Стоило бросить сюда писать, сразу посыпались предложения купить рекламу. Казалось бы, вершина таким образом должна быть покорена, но птички на душе что-то не поют. Долго думала, что бы такое я могла бы здесь органично прорекламировать, но придумалось только с десятку тупых шуток.

Начала этот месяц (который ещё как бы и год) с бодрым настроем быть добрее к окружающим и себе. К пятой ночной смене четвёртой недели этого малообещающего года пришлось в срочном порядке прикрутить ожидания и сократить вездесущую доброту только до себя, но и это оказалось непросто: лучше всего мои будни описывает эта картинка, а ночные дежурства - эта песенка:

Stay Awake - Mary Poppins (Julie Andrews)1:44 · YouTube.

Каким-то садистским образом ничто не доставляет сейчас такого чистого кайфа как эти ночи в реанимации, но сбивает за это опустошающей усталостью и неутолимой грустью прямо с утреца, когда берлинская февральская мерзость нещадно полощет по щекам.

Повремените с отпиской, то ли еще будет.
Вернулась в свой любимый Веддинг.
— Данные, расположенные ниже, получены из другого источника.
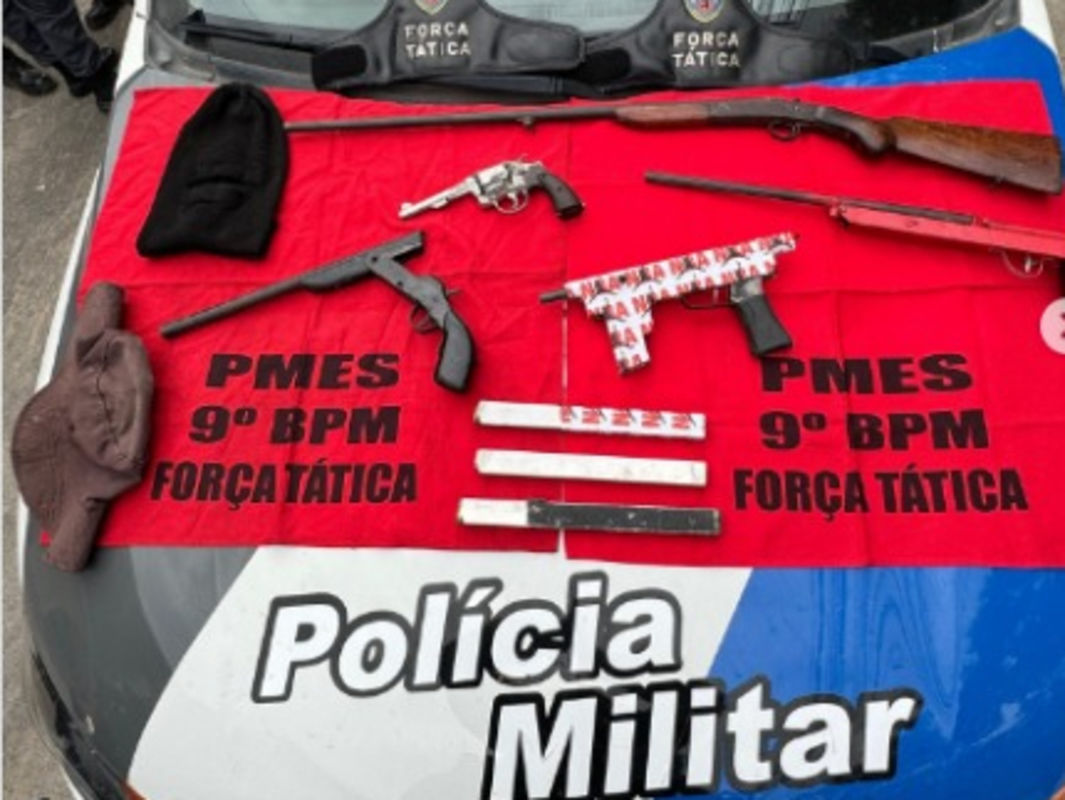 Em operação deflagrada nesta terça-feira (07), a PM apreendeu seis armas de fogo, incluindo submetralhadora, espingardas, além de revólver e garrucha, e deteve um suspeito, menor de idade.

Пройду по камерунской, сверну на занзибарскую, никак не надышусь. «Alte Liebe - neue Ära“, – пророчит название пивнухи за углом. Каждой странной лавочке, каждой куче мусора умиляюсь как ебанашка. Минусы в упор не замечаю, но, может, оно и к лучшему.

Откуда берется столько непропорциональной нежности к замызганному райончику, да ещё и в печали февраля и одиночестве, кто бы рассказал.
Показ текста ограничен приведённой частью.